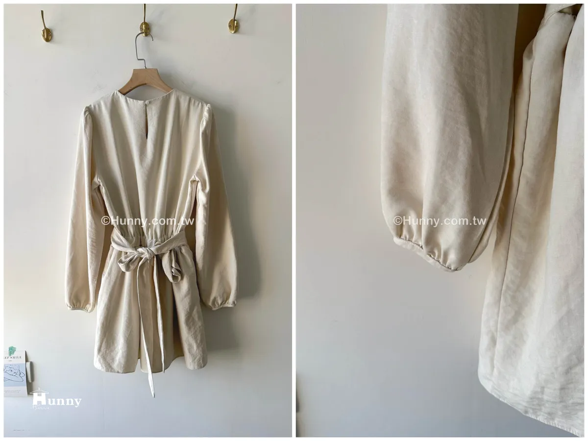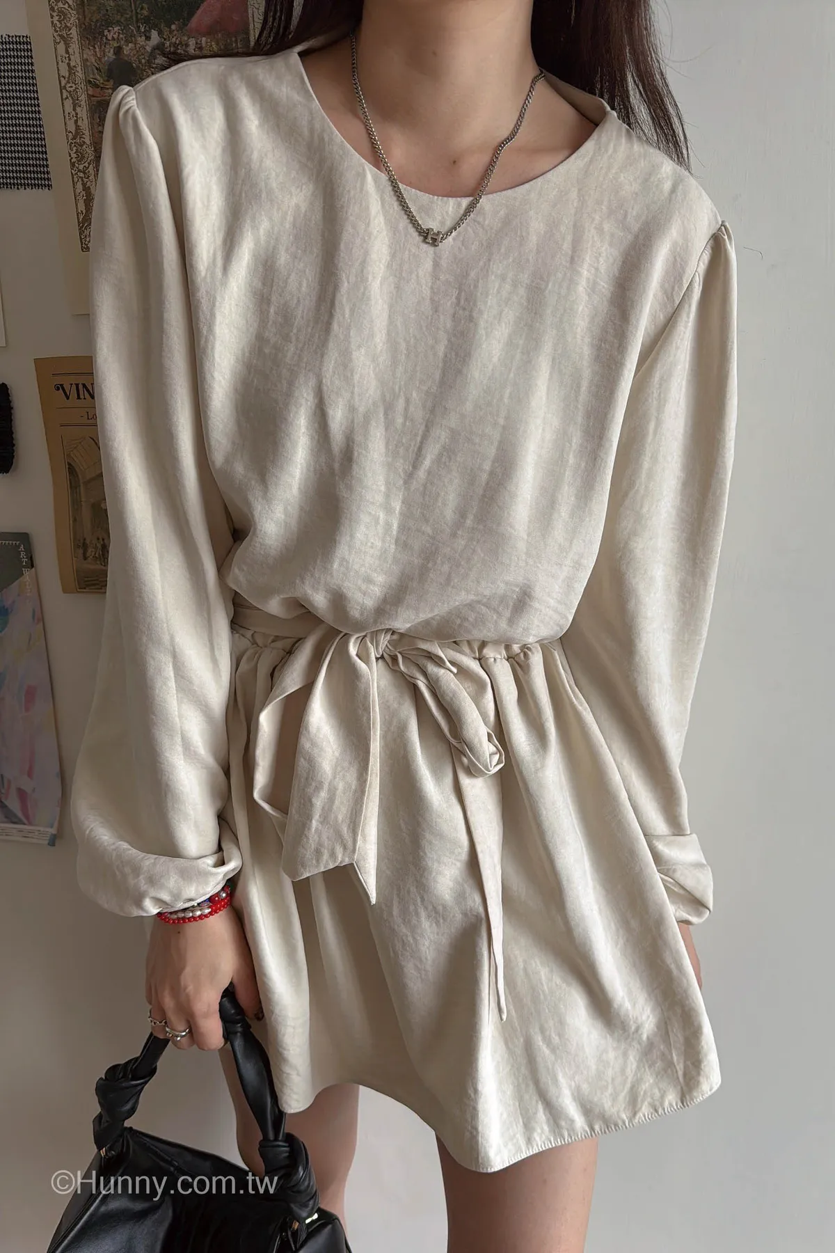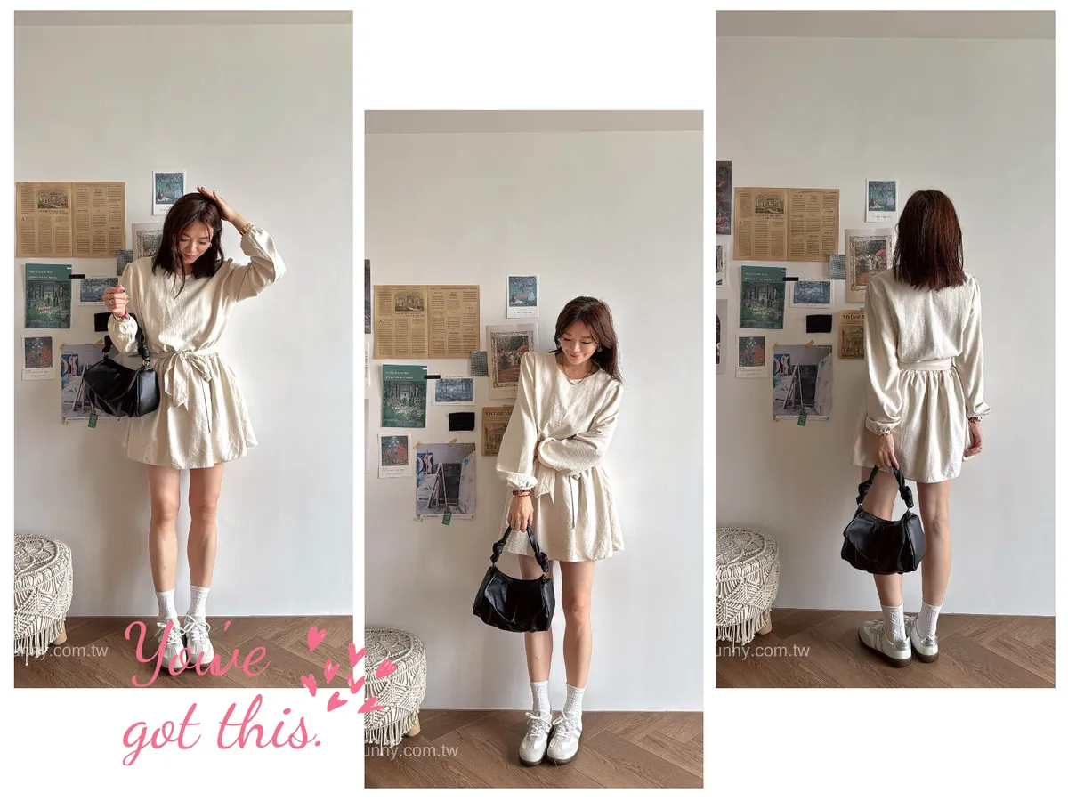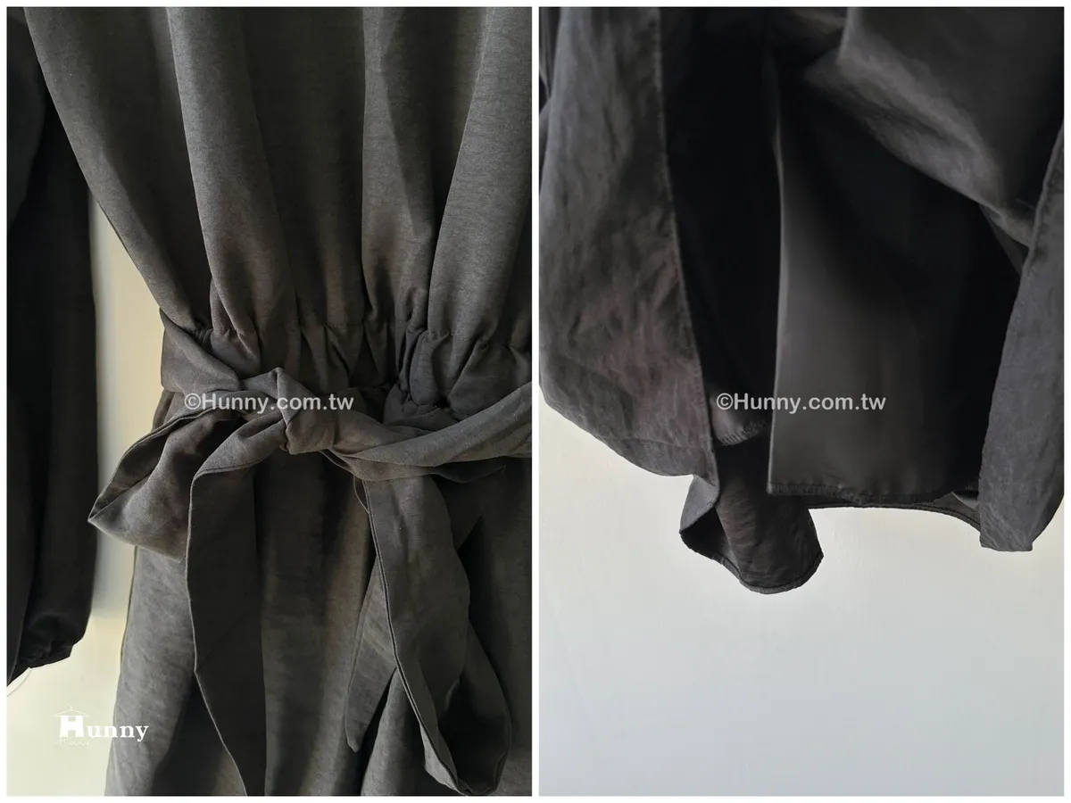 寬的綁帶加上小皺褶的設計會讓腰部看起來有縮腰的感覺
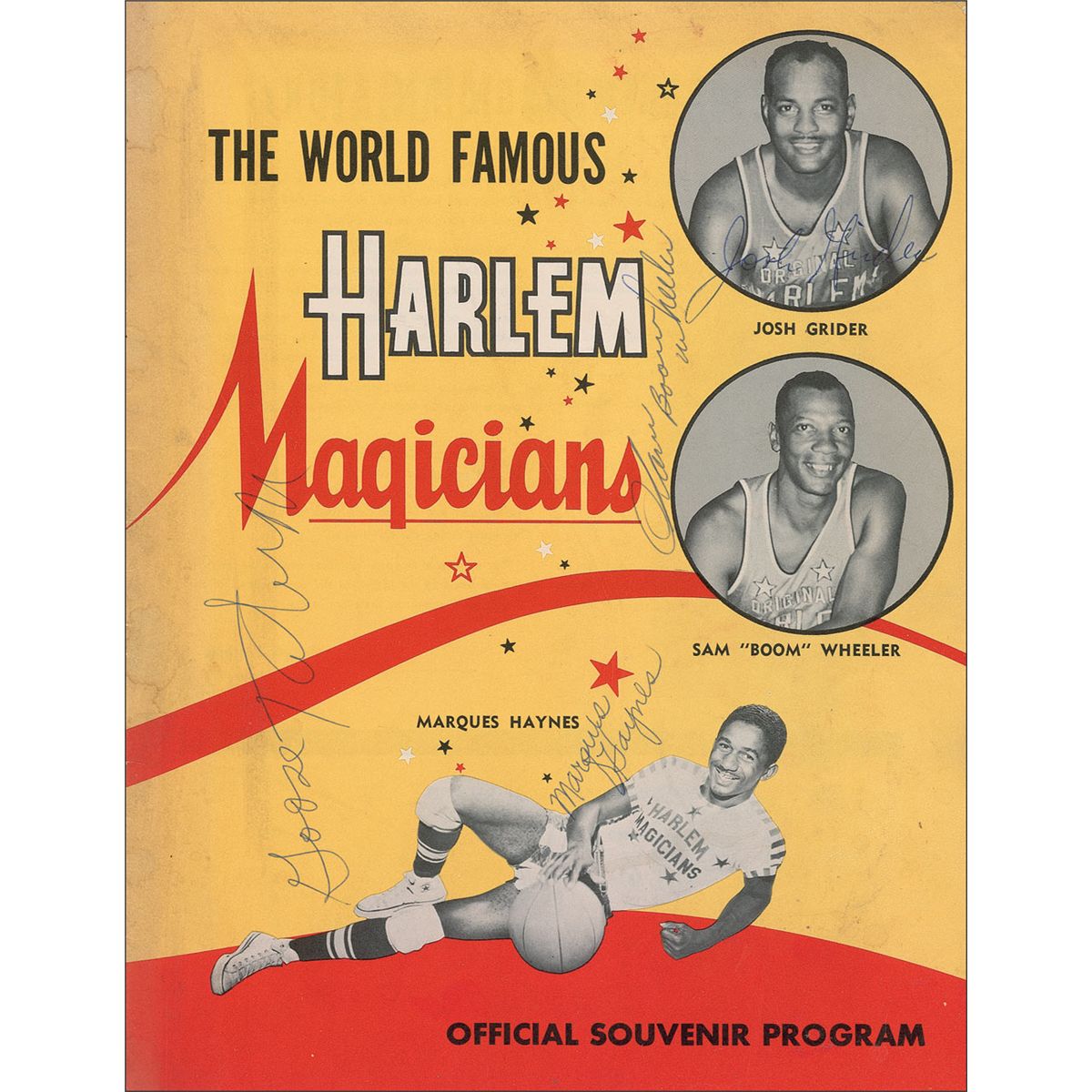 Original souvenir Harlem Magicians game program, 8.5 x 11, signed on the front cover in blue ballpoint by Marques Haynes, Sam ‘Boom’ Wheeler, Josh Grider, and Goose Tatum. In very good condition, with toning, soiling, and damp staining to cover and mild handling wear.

=======

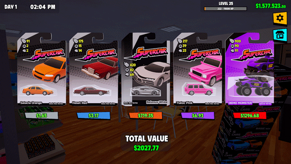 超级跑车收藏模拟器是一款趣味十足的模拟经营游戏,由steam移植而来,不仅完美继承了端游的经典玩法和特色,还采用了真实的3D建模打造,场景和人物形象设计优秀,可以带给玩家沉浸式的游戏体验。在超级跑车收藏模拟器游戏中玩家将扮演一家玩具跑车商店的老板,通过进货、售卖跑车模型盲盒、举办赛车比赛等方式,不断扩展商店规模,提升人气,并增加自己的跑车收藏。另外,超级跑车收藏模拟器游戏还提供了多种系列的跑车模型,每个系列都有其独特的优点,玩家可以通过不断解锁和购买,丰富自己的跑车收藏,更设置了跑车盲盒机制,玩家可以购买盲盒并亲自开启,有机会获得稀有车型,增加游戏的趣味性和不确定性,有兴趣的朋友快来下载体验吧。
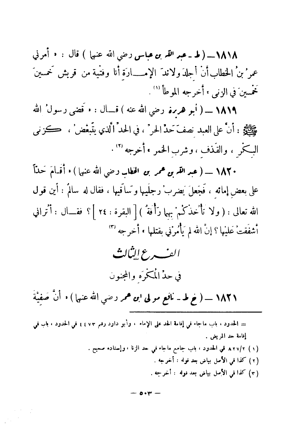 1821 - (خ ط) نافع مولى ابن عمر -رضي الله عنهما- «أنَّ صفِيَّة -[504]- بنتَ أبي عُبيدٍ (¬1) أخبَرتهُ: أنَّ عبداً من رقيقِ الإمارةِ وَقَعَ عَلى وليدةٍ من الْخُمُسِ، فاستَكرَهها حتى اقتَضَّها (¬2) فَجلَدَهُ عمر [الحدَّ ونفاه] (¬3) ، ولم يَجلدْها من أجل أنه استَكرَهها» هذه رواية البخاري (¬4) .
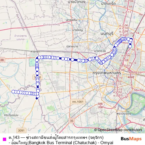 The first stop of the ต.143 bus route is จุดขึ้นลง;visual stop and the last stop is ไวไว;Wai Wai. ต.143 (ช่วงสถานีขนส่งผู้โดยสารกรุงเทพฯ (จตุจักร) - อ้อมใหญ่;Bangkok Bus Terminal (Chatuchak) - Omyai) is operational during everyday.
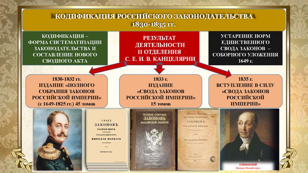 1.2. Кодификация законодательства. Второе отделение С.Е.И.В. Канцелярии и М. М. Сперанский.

=======

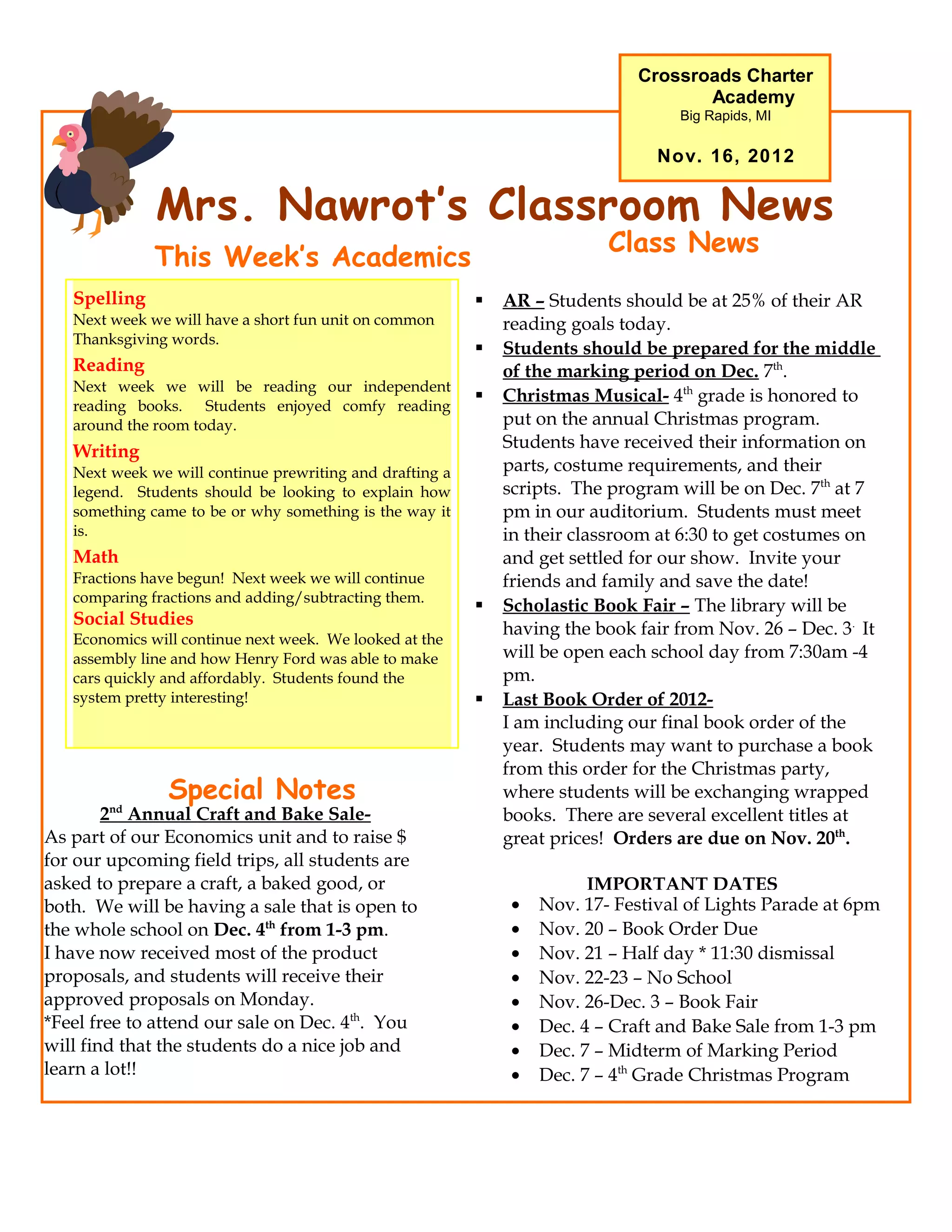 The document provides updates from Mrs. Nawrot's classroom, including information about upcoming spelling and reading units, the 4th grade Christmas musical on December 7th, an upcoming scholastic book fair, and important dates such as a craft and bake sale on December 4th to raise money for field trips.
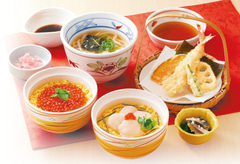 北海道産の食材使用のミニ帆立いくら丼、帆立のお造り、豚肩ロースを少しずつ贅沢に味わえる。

=======

Of the lines above, copy only those from the one holding "寬的綁帶加上小皺褶的設計會讓腰部看起來有縮腰的感覺" to the one holding "Original souvenir Harlem", both included, and exclude every image.

 寬的綁帶加上小皺褶的設計會讓腰部看起來有縮腰的感覺
 Original souvenir Harlem Magicians game program, 8.5 x 11, signed on the front cover in blue ballpoint by Marques Haynes, Sam ‘Boom’ Wheeler, Josh Grider, and Goose Tatum. In very good condition, with toning, soiling, and damp staining to cover and mild handling wear.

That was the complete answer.